手押鉋盤の改良
手押し鉋盤の定規ユニットの取付け位置は、定盤上に「手前・中・奥」と、3ヶ所あり、定規ユニット全体を移動させることによって、定盤幅全体をカバーするような構造です。
このような構造にしなければ、定規の調整ネジ長さが伸びて奥行が長くなります。
これはこれでいいのですが、本体と定規を固定するハンドル操作がスムースに行えず、使いにくいという問題がありました。
ハンドルが低く、調整ネジ部に触れるために半回転ごとにレバーをスライドさせて回さなければなりません。これが、作業の「腰を折る」のです。
そこで、ハンドルレバーの軸を伸ばし、調整ネジ部の上にレバーをもっていきました。これで、ロックレバーは連続回転できるようになり、定規ユニットのスムースな移動作業が行えます。
昔の手押し鉋盤には、これと同様の、長い(腰の高い)ロックノブの付いたものがありました。
今回の改良には、(株)ミスミの「FA用メカニカル標準部品」カタログから選んだ部品を用いました。
ハンドルレバーの軸の延長には、同カタログから、シャフト(スタンダードタイプ(片端オネジ・片端メネジ))。ハンドルレバーにはクランプレバー(M8)を使用しました。
クランプレバーは内部にセレーションが切ってあり、持ち上げるとセレーションの噛み合いが外れ、任意の位置にレバーを回すことができますので邪魔にならない位置に持っていくことができます(画像一番下と同機構)。
クランプレバーのネジ上部には逃げ溝がないために、クランプレバーを最後まで締め込めません。そのために、2㎜厚のワッシャーを挟んでいます(ワッシャー径:φ30/厚さ:2㎜。シャフト径:φ30/長さ:100㎜)。
当然ですが、シャフトとクランプレバーは、しっかり締結しておかなければなりません。
同時に定規の角度調整機構のロックハンドルも交換しました。
ロックハンドルが短く(およそ100㎜)、しっかり締めることができなかったために、六角穴付フラットテンションレバーに交換しました。この構造は前述のクランプレバーと同様です。これは、レバー長が150㎜以上あるのでしっかりロックできるようになりました。

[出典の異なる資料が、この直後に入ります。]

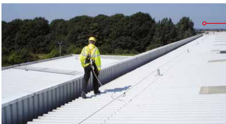
Uni-8 system monteret på Roofsafe Spiratech ankerpunkter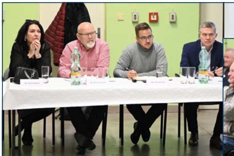
Lidé na setkání v Antošovicích.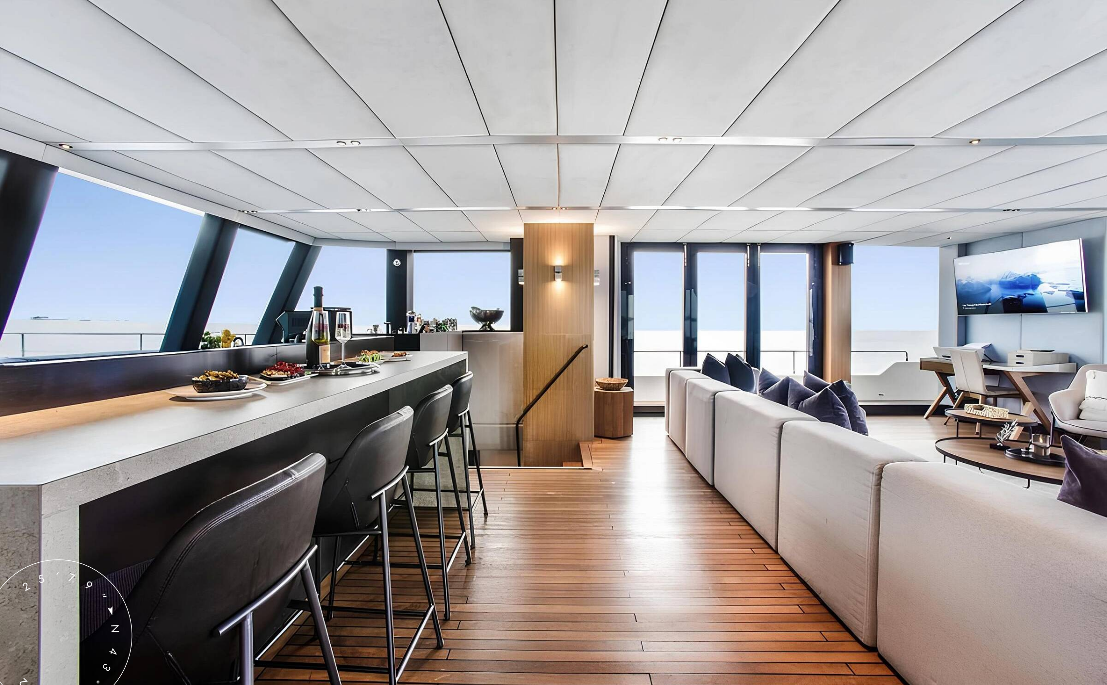
БАР В ГЛАВНОМ САЛОНЕ

画像上から1~2を比べると長さの違いがよく分かります。
フラットテンションレバーは六角穴付タイプを選ばなければなりません。レバーを回転させるスペースがないため、普通のテンションレバーは取付るのが困難です。
セレーションを外し、六角穴用レンチでテンションレバーのネジ部分だけを回してテンションレバーを取り付けます。
中古機械のために、オリジナルの構造は分かりませんが、これで多少は気の利いた構造になったと思っています。